• _Working data_:
□ □ □ □ □ □ □
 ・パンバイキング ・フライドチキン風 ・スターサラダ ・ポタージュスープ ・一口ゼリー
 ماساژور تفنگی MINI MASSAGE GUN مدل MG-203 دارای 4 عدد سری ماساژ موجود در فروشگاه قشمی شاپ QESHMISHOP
□ □ □ □ □ □ □
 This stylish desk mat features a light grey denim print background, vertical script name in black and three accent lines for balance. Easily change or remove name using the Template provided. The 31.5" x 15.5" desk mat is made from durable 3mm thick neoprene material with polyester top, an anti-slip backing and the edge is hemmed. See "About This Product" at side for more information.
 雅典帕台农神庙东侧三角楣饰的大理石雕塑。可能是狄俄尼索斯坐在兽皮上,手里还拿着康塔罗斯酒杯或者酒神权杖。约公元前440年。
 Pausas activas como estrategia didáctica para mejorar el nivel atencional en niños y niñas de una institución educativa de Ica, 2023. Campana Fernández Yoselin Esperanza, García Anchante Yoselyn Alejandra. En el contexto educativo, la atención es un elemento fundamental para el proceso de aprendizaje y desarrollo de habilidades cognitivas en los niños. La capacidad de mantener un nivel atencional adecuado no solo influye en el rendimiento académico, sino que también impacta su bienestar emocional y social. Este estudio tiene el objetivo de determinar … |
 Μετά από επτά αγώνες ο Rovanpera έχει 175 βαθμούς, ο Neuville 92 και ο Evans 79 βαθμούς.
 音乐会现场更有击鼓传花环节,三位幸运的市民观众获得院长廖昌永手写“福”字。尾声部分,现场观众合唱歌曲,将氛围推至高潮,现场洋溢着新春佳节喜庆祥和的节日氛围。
□ □ □ □ □ □ □
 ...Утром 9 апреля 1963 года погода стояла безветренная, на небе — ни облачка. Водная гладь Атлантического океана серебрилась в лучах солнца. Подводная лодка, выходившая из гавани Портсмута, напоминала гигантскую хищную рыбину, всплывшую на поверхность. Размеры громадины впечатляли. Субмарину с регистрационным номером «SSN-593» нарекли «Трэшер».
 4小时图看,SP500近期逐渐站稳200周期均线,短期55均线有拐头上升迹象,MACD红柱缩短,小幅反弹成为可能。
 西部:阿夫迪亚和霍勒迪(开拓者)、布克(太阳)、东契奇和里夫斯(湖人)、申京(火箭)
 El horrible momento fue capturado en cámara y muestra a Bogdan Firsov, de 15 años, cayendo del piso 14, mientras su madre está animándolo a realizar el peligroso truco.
□ □ □ □ □ □ □
• _Exercise objective_: From the records above, repeat exactly the lines from the one with "This stylish desk" through the one with "音乐会现场更有击鼓传花环节,三位幸运的市", both included.

• _Answer section_:
 This stylish desk mat features a light grey denim print background, vertical script name in black and three accent lines for balance. Easily change or remove name using the Template provided. The 31.5" x 15.5" desk mat is made from durable 3mm thick neoprene material with polyester top, an anti-slip backing and the edge is hemmed. See "About This Product" at side for more information.
 雅典帕台农神庙东侧三角楣饰的大理石雕塑。可能是狄俄尼索斯坐在兽皮上,手里还拿着康塔罗斯酒杯或者酒神权杖。约公元前440年。
 Pausas activas como estrategia didáctica para mejorar el nivel atencional en niños y niñas de una institución educativa de Ica, 2023. Campana Fernández Yoselin Esperanza, García Anchante Yoselyn Alejandra. En el contexto educativo, la atención es un elemento fundamental para el proceso de aprendizaje y desarrollo de habilidades cognitivas en los niños. La capacidad de mantener un nivel atencional adecuado no solo influye en el rendimiento académico, sino que también impacta su bienestar emocional y social. Este estudio tiene el objetivo de determinar … |
 Μετά από επτά αγώνες ο Rovanpera έχει 175 βαθμούς, ο Neuville 92 και ο Evans 79 βαθμούς.
 音乐会现场更有击鼓传花环节,三位幸运的市民观众获得院长廖昌永手写“福”字。尾声部分,现场观众合唱歌曲,将氛围推至高潮,现场洋溢着新春佳节喜庆祥和的节日氛围。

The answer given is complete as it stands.